Several Julia packages offer functionality for splitting datasets into training and testing sets. Here are the most commonly used and recommended options:
MLDataUtils.jl
: This package is
specifically designed for machine learning data utilities and provides
the splitobs
function, which is a very convenient and
flexible way to split data. It’s generally the preferred
approach.
DataFrames.jl
(with some manual
work): If your data is in a DataFrame
, you can use
it in conjunction with random number generation to create indices for
your training and testing sets. This requires a bit more manual work
than splitobs
but is still a viable option.
ScikitLearn.jl
: This package
provides Julia bindings to the popular Python scikit-learn library. It
includes functions like train_test_split
, which you might
be familiar with if you’ve used scikit-learn in Python.
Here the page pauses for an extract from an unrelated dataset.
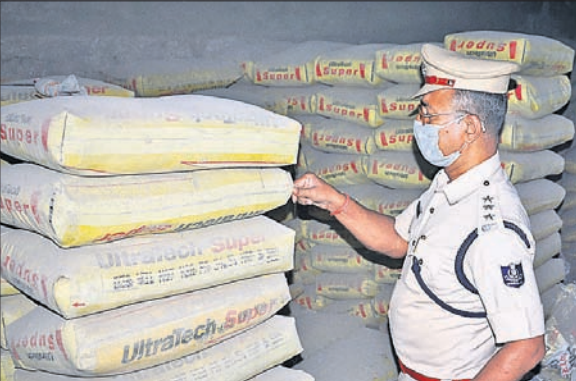
କାରଖାନାରେ ପୋଲିସ୍ ଯାଞ୍ଚ କରୁଛି ।

However, since
the other options are native Julia packages, they are generally
preferred for Julia projects.
1. Using MLDataUtils.jl
(Recommended):
using MLDataUtils
# Example data (replace with your actual data)
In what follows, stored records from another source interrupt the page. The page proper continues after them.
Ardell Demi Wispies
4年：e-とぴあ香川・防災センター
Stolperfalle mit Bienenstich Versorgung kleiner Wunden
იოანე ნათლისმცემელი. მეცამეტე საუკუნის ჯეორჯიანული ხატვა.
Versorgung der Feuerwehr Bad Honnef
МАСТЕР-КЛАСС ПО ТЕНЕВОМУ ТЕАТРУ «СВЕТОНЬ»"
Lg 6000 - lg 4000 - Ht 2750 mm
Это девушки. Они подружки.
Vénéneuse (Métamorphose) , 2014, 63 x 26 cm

X = rand(100, 5) # 100 samples, 5 features
y = rand(Bool, 100) # 100 labels (binary classification)
# Split into 80% training and 20% testing, shuffle the data
X_train, X_test, y_train, y_test = splitobs(X, y, 0.8, shuffle=true)
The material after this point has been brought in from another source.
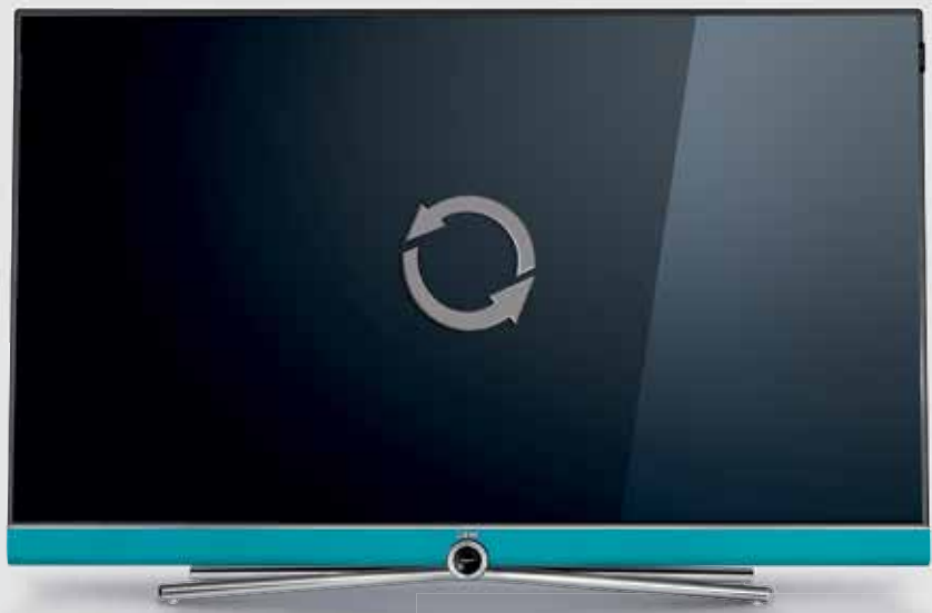
Feature Upgrade Drive

# You can also specify the number of observations directly:
n_train = 80
X_train, X_test, y_train, y_test = splitobs(X, y, n_train)
# To get indices instead of the actual data:
train_indices, test_indices = splitobs(1:100, 0.8) # Split indices
X_train = X[train_indices, :]
X_test = X[test_indices, :]
y_train = y[train_indices]
y_test = y[test_indices]
# For stratified splitting (important if classes are imbalanced):
X_train, X_test, y_train, y_test = stratifiedobs(X, y, 0.8)
2. Using DataFrames.jl
(Manual
approach):
using DataFrames, Random
# Example DataFrame (replace with your DataFrame)
df = DataFrame(A = rand(100), B = rand(100), C = rand(Bool, 100))
# Set a seed for reproducibility
Random.seed!(123)
# Create a random permutation of row indices
n_rows = nrow(df)
perm = randperm(n_rows)
# Split into training and testing indices
train_size = Int(floor(0.8 * n_rows))
train_indices = perm[1:train_size]
test_indices = perm[train_size+1:end]
# Create training and testing DataFrames
df_train = df[train_indices, :]
df_test = df[test_indices, :]
# Or, to get the data as matrices:
X = Matrix(df[:, Not(:C)])
y = df.C
X_train = X[train_indices, :]
X_test = X[test_indices, :]
y_train = y[train_indices]
y_test = y[test_indices]
3. Using ScikitLearn.jl
(Less common in pure
Julia workflows):
using ScikitLearn
# Example data
X = rand(100, 5)
y = rand(Bool, 100)
X_train, X_test, y_train, y_test = train_test_split(X, y, test_size=0.2, random_state=123)
Recommendation:
The MLDataUtils.jl
package with the
splitobs()
function (and stratifiedobs()
for
stratified splitting) is the most straightforward and recommended method
for splitting datasets in Julia. It’s designed specifically for this
purpose and integrates well with other Julia machine learning packages.
It also handles different data types (arrays, matrices, etc.) very
efficiently. Use DataFrames.jl
only if you are already
working heavily with DataFrames and prefer to manipulate indices
directly. Avoid ScikitLearn.jl
for this task in pure Julia
projects, as it introduces a dependency on Python.